(Dataset entries)
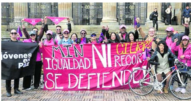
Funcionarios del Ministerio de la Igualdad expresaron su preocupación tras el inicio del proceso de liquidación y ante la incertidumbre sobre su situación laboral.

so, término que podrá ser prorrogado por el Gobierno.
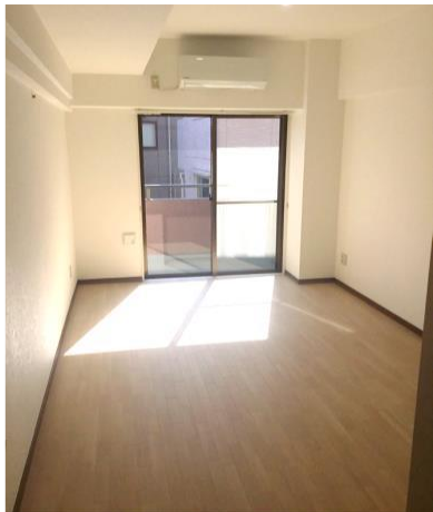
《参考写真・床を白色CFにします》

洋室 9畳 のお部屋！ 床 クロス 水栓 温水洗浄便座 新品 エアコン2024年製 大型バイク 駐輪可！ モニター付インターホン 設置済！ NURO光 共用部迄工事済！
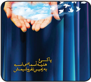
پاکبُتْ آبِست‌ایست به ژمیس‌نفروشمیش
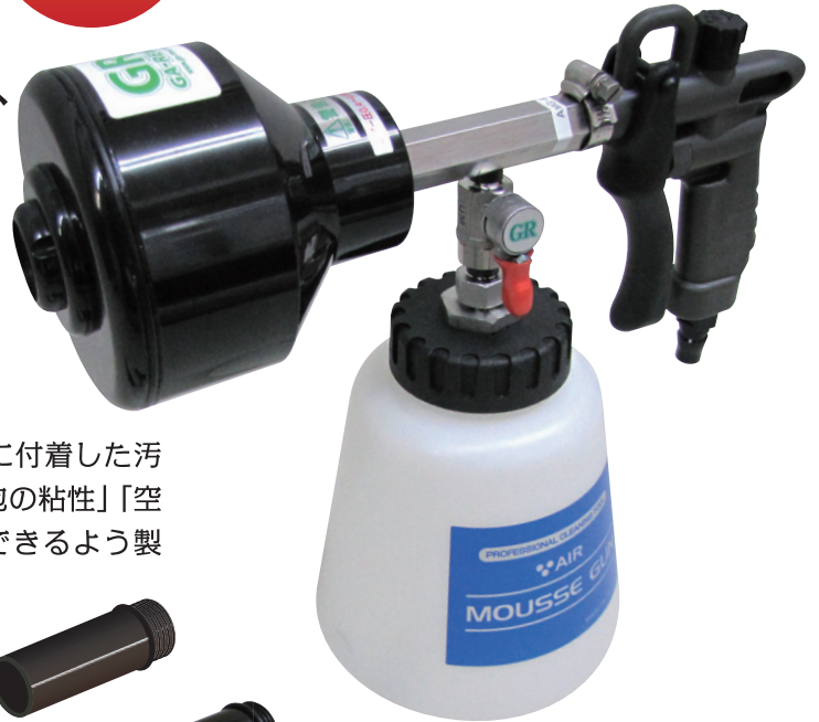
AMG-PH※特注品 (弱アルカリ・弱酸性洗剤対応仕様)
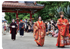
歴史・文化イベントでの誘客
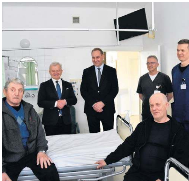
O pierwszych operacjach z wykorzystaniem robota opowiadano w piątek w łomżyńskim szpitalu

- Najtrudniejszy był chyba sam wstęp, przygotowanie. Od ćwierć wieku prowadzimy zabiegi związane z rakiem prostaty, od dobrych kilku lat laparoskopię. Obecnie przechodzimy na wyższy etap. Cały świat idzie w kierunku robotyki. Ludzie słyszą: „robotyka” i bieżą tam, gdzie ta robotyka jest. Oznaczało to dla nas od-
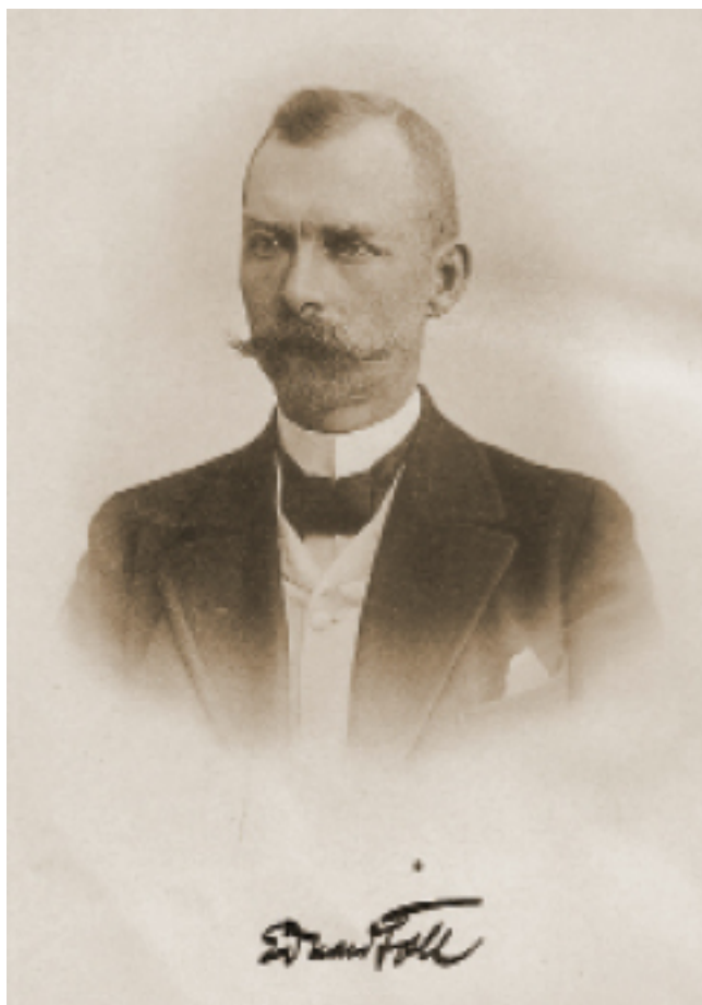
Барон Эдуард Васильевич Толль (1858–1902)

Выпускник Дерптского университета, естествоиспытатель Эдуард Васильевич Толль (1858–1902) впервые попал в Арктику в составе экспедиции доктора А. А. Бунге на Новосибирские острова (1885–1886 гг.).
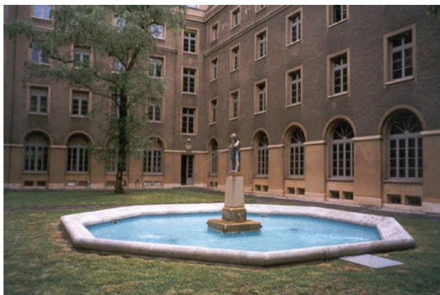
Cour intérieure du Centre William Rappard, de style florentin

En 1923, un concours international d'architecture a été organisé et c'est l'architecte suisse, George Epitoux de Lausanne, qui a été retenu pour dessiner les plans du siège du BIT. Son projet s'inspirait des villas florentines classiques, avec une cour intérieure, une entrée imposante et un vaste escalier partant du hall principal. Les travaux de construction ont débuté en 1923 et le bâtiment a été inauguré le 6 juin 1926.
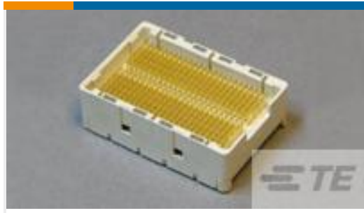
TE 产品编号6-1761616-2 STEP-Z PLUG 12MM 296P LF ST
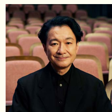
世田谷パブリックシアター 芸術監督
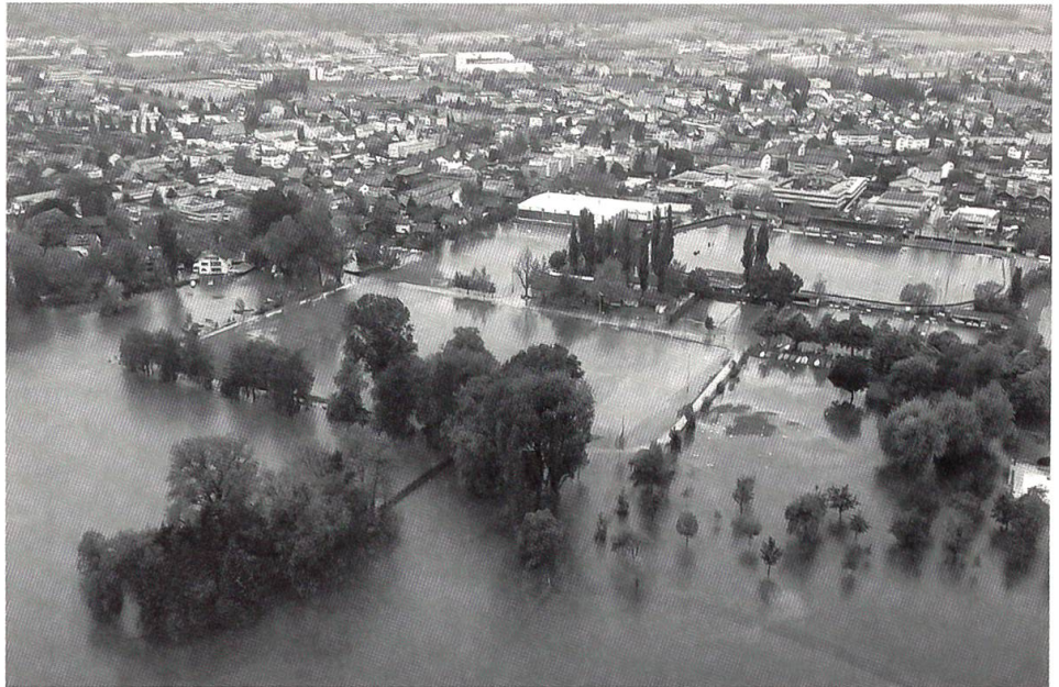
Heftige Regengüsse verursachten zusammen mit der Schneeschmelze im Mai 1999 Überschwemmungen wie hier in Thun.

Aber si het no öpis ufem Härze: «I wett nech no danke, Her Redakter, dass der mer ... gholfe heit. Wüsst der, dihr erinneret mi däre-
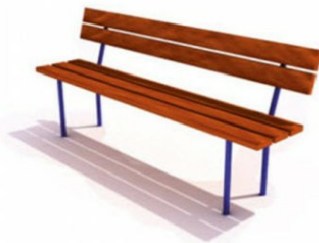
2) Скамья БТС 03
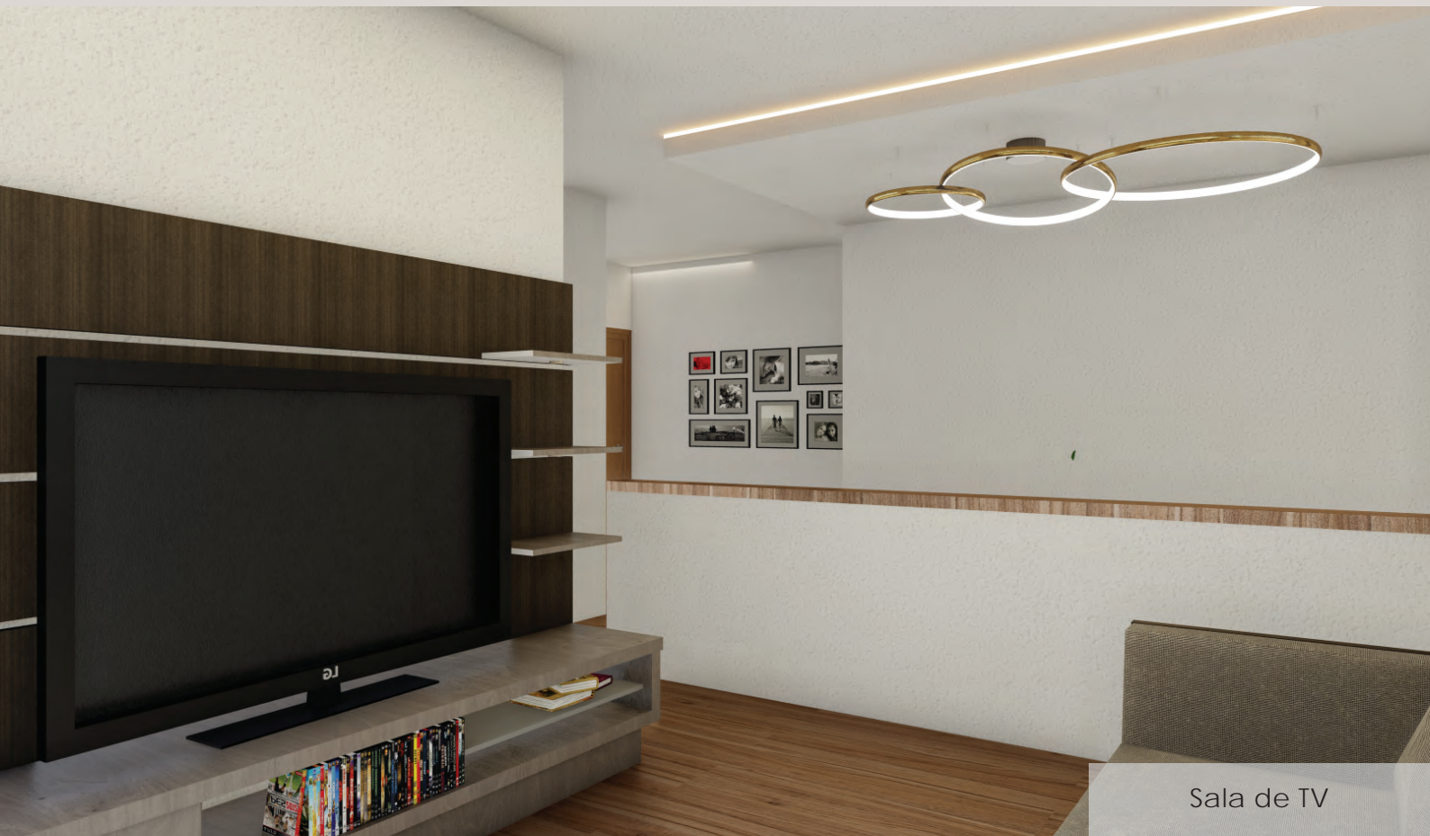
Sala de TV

---

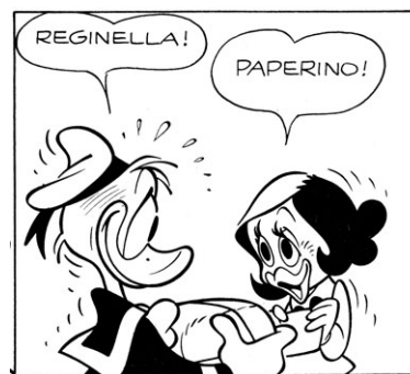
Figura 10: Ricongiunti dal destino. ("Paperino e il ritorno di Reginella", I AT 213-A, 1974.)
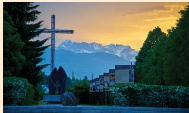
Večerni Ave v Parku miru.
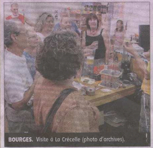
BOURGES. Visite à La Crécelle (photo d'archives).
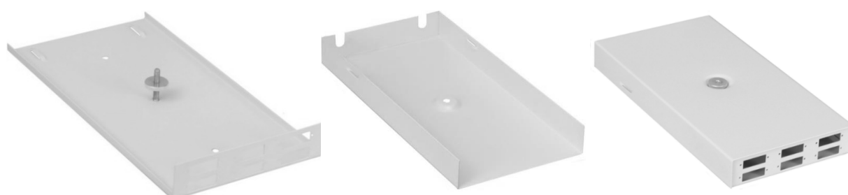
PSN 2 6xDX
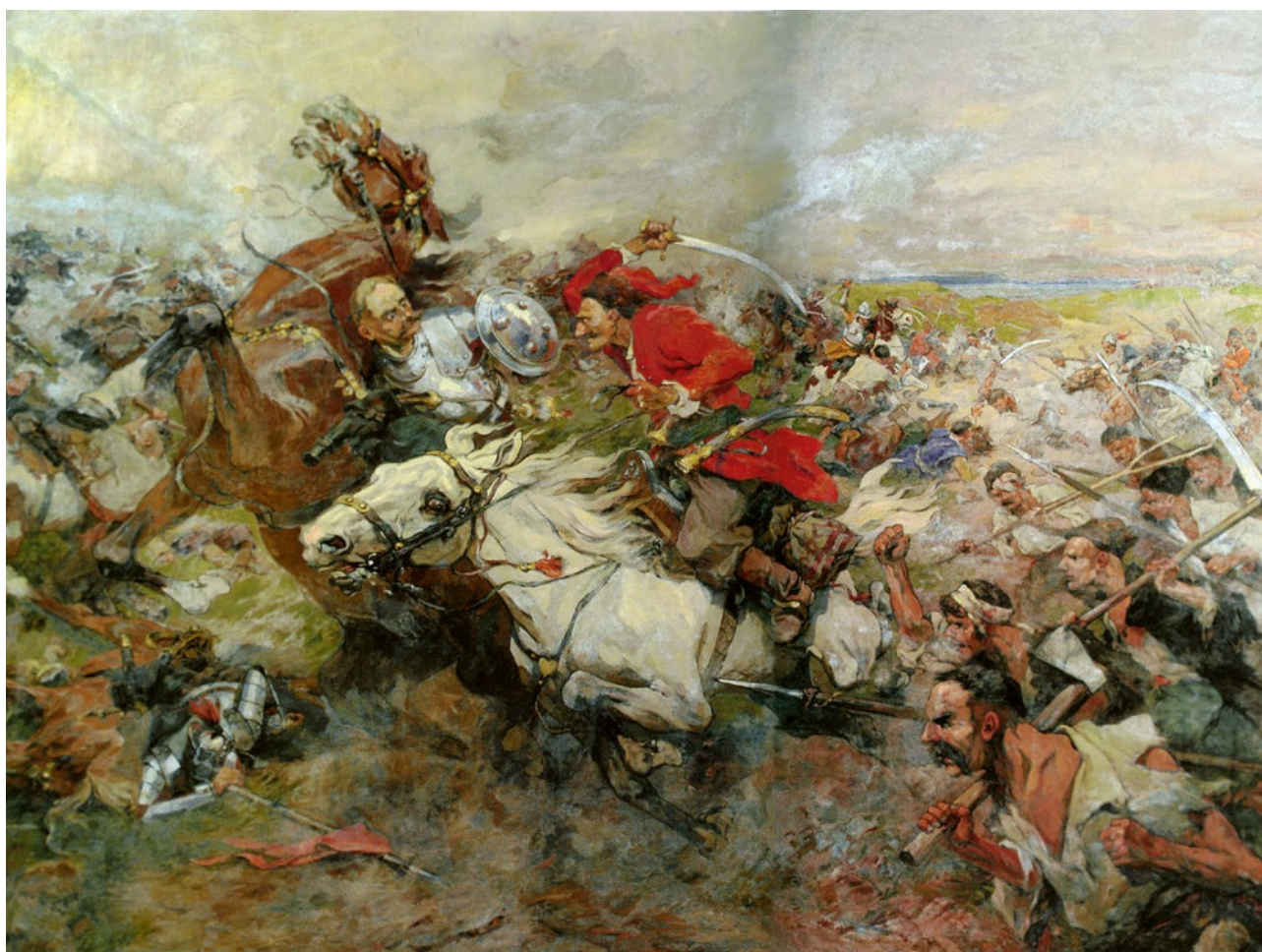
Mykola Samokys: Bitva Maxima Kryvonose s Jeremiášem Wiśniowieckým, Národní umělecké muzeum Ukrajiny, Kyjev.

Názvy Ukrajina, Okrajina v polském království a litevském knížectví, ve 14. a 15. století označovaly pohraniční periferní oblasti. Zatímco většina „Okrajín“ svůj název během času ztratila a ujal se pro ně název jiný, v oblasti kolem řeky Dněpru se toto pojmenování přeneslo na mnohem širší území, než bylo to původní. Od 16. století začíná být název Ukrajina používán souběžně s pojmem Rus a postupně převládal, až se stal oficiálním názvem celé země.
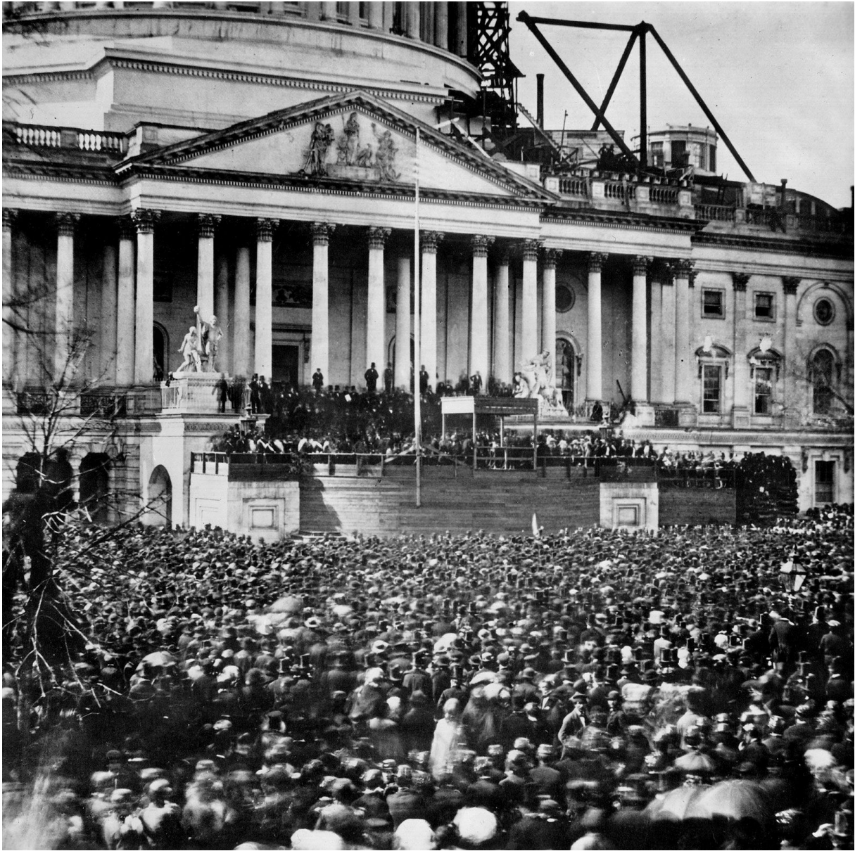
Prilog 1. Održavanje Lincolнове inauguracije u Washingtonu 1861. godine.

* * *

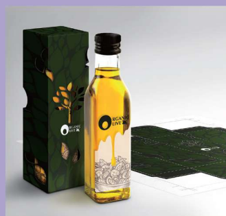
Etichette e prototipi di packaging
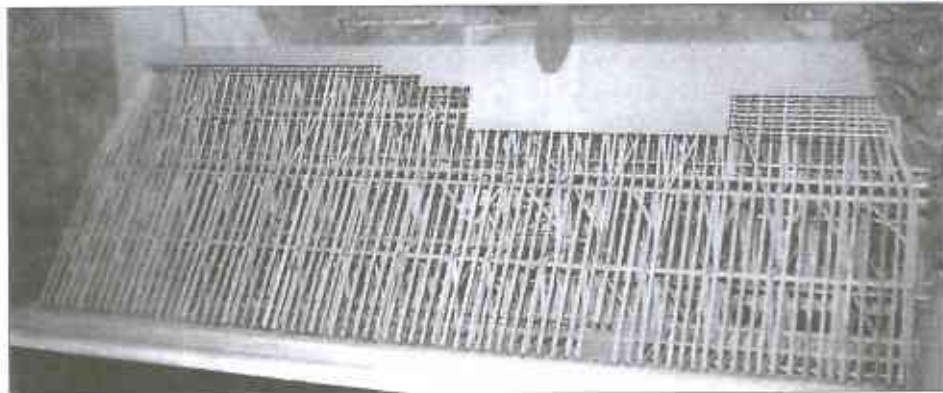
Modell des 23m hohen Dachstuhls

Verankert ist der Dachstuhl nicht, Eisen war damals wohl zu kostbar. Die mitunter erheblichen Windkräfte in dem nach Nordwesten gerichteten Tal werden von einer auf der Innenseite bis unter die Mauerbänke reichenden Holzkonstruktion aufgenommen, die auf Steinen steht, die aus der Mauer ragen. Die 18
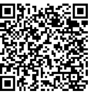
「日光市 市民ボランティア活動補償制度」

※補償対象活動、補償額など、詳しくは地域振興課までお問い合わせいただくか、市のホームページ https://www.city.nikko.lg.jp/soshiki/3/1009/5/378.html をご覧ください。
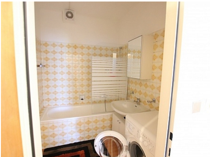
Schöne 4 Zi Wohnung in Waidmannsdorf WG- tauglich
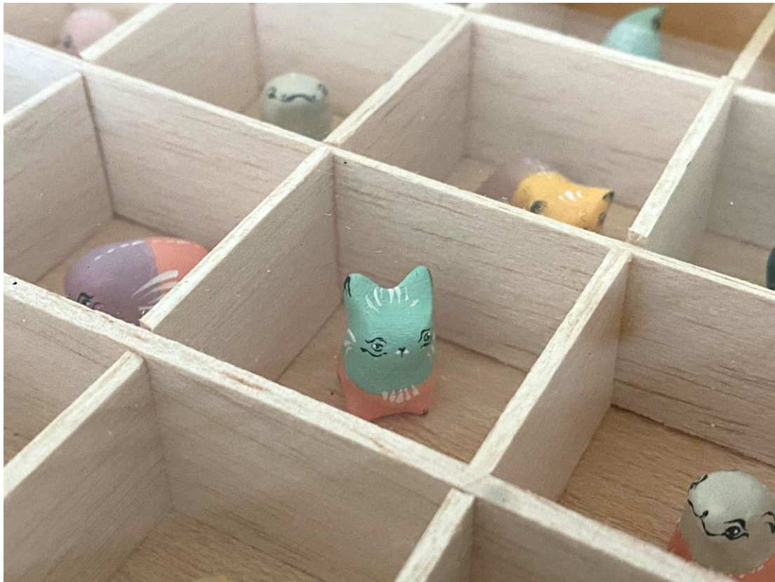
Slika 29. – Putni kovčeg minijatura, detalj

## Problem
Look above for the line containing "Барон Эдуард Васильевич Толль (1858–1902)", then copy exactly from it through the line containing "Cour intérieure du", keeping both and leaving out pictures. Add nothing else.

## Written response
Барон Эдуард Васильевич Толль (1858–1902)

Выпускник Дерптского университета, естествоиспытатель Эдуард Васильевич Толль (1858–1902) впервые попал в Арктику в составе экспедиции доктора А. А. Бунге на Новосибирские острова (1885–1886 гг.).
Cour intérieure du Centre William Rappard, de style florentin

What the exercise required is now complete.